The present invention relates to packet-based communication systems. More particularly, and not by way of limitation, the present invention is directed to a Content Addressable Memory (CAM) and method of downloading and banking filters in the CAM.
CAMs are very commonly used in network devices to perform multi-field classification/searching on packet header fields. A CAM stores a number of filters, and the first filter that matches the fields in the packet header is returned as a match. Generally, there are different types/groups of filters that are stored in the CAM based on the application for which each filter type is used. For example, one filter group may be used for tunnels, another group may be used for differentiated services (diffserv), another group for firewall, and the like. A search is usually done for multiple filter groups depending upon the type of packet and the results of previous filter lookups on the packet.
To reduce the number of lookups needed in the CAM for each packet, filters within a filter-group are usually “flattened”, where user-defined filters (which could require multiple lookups in the CAM for each packet) are optimally combined to form the CAM filters that are actually installed in the CAM for packet searches. This process of flattening results in an increase in the number of filters to be installed in the CAM, but ensures that each packet will require only one lookup for a particular filter group (i.e., only one CAM lookup for each application), instead of multiple CAM lookups, as would be required per group if the filters were not flattened.

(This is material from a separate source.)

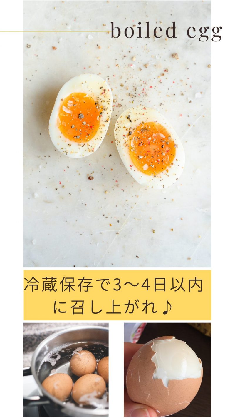 たまごを右手と左手に一つずつ持って、コン・コン・コンとぶつけてちっちゃくヒビをいれてからゆでる。
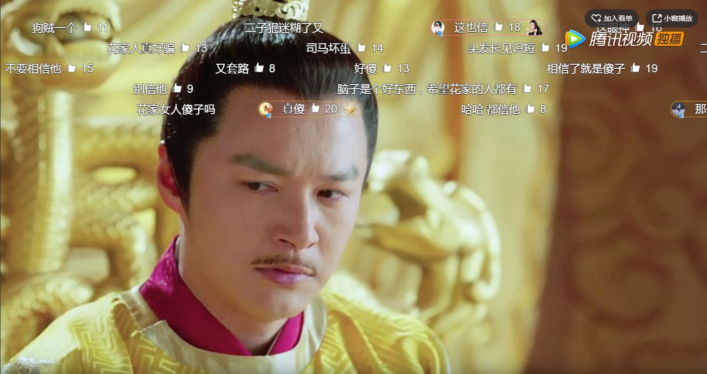 而另一个女主角李心艾,网友们对她也是颇有微词。只要有她出现的镜头,弹幕必定是关于她是否整容、长胖的讨论。从《锦绣未央》中的李长乐到《花谢花飞花满天》中的倾城公主都是如此。

Whenever there is a change in user-defined policy that requires a change in filters for a particular application/filter-group, the filters for that particular group have to be flattened again. This may generate a completely new set of filters for that filter-group. Therefore, this new set of filters is downloaded to the CAM in a separate bank for the new filter-group, while the old filters are still being used for lookup. After the download process is completed, the banks for the given filter-group are switched so that the newly downloaded filters become active and the old bank, that has now become inactive, is free for use for the next download operation for the filter-group. Thus, essentially two banks are maintained for each filter-group: one bank that is active and is being used for doing lookups, and one bank that is reserved for downloading new filters. Additionally, since the number of filters in different filter-groups can vary widely (depending upon the characteristics requirements of the product for different applications), the inactive banks for different filter-groups cannot be shared even though only one bank is being downloaded at a time. Once the inactive bank is made active, the new spare bank that was earlier being used for one filter-group may not be big enough for the next filter-group that needs an update.
Thus, a major problem with the existing filter-bank implementation is that it requires double the needed CAM space for bank management. This wastes valuable CAM memory that is usually expensive and power-hungry. Also, it is not possible to use the CAM in a completely shared mode where filters not being used by one application can be utilized by another application.
A known approach that solves some of the problems of the existing filter-bank implementation is to make all filter-groups the same size. This allows the spare bank to be shared among all filter-groups, thus removing the need for a separate spare bank for each and every filter-group. However, this approach is still inefficient because it allocates the same amount of CAM space to an application requiring only a small number of filters as it allocates to an application requiring a large number of filters. For example, if a product needs to support up to 256 tunnels and up to 4K diffserv filters for Quality of Service (QoS) provisioning, the filter-group used for tunneling would be allocated as much CAM space as the filter-group used for diffserv, thereby wasting 16 times more CAM space than needed for tunnels. Thus, this approach works well only if the different applications require approximately the same amount of CAM space, thus reducing the amount of wasted CAM memory. However, this approach still does not allow the entire CAM to be used in a completely dynamically shared mode in which any application can use the filters not being used by another application. For example, this approach does not enable a user to install more than 256 tunnels in a CAM that has far less than 4 k diffserv filters configured.